The Indian textile industry has a history of more than two thousand years dating back to the pre-Christian era. However, substantial data on textiles and weavers is available only form the medieval period, when South Indian handlooms prospered. Textiles and Weavers provides a comprehensive history of the world of weaving in South India from the tenth century onwards.
Focusing on the vicissitudes of the handloom industry and weaving communities, Vijaya Ramaswamy Presents a rare account of the socioeconomic world of weavers-oral traditions, their status and roles, and relationship with the state. She discusses the importance of social networks like caste, religion, and culture in textile production and trade. The author also analyses related production processes, textile technology, commercial organization, trade, and taxation.
This second edition takes the story of the South Indian handloom industry into the colonial period and beyond. It revisits the conditions of weavers in a context pf rapidly changing lifestyles and technology explosion. The author also examines the recent textile policies and challenges faced by traditional weaving communities.

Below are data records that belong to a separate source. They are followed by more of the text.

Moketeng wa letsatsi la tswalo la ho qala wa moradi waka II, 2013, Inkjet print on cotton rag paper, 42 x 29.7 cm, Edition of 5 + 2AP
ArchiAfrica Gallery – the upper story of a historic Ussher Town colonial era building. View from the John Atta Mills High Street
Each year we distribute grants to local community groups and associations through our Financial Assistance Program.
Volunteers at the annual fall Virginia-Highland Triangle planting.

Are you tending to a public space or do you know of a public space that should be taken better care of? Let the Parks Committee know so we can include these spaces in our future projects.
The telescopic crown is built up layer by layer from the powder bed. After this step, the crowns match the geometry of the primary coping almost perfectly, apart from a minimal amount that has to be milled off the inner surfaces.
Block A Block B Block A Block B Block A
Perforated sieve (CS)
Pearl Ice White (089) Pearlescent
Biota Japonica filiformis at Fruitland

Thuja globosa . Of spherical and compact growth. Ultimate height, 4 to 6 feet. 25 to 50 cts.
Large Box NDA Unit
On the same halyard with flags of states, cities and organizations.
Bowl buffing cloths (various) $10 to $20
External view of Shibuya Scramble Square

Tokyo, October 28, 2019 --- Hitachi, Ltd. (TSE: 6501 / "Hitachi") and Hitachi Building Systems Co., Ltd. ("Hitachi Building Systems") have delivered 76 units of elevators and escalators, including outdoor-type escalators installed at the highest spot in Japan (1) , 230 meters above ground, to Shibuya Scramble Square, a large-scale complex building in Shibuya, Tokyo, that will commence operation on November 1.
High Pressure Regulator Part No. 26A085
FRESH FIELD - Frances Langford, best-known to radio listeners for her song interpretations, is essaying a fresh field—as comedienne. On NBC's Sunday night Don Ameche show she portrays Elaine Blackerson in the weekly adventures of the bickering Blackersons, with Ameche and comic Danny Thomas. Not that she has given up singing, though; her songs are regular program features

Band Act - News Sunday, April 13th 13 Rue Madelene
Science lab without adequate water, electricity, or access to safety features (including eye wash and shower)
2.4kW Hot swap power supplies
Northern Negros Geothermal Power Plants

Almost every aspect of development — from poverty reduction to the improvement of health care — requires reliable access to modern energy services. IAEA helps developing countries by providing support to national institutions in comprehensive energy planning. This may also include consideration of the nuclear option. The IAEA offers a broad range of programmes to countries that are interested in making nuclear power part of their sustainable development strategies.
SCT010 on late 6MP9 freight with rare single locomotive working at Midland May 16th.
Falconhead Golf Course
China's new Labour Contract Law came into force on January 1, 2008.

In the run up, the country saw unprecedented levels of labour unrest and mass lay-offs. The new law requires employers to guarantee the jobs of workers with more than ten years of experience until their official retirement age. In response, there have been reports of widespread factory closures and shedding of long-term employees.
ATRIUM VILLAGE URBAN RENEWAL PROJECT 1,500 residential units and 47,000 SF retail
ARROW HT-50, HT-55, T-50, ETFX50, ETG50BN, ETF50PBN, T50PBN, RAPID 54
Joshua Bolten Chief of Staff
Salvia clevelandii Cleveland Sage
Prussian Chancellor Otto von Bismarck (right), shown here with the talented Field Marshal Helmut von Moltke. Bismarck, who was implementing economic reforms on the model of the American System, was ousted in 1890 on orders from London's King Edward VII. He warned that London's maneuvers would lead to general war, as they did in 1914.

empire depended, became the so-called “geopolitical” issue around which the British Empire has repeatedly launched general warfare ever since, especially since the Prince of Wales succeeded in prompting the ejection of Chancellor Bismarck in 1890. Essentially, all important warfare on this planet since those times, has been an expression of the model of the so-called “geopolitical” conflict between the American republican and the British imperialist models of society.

The book integrates diverse research methodologies to offer multiple perspectives on the socio-economic world of weaving communities. In contra-distinction to existing studies, the author utilizes archival and epigraphic records, regional chronicles, folk traditions, and personal interviews to provide a 'view from below'.
This book will interest students and scholars of Indian history particularly South India and those interested in fashion, textile designing, and the growth of technology.
About the Author
Vijaya Ramaswamy is Professor of History at the Centre for Historical Studies, Jawaharlal Nehru University, New Delhi.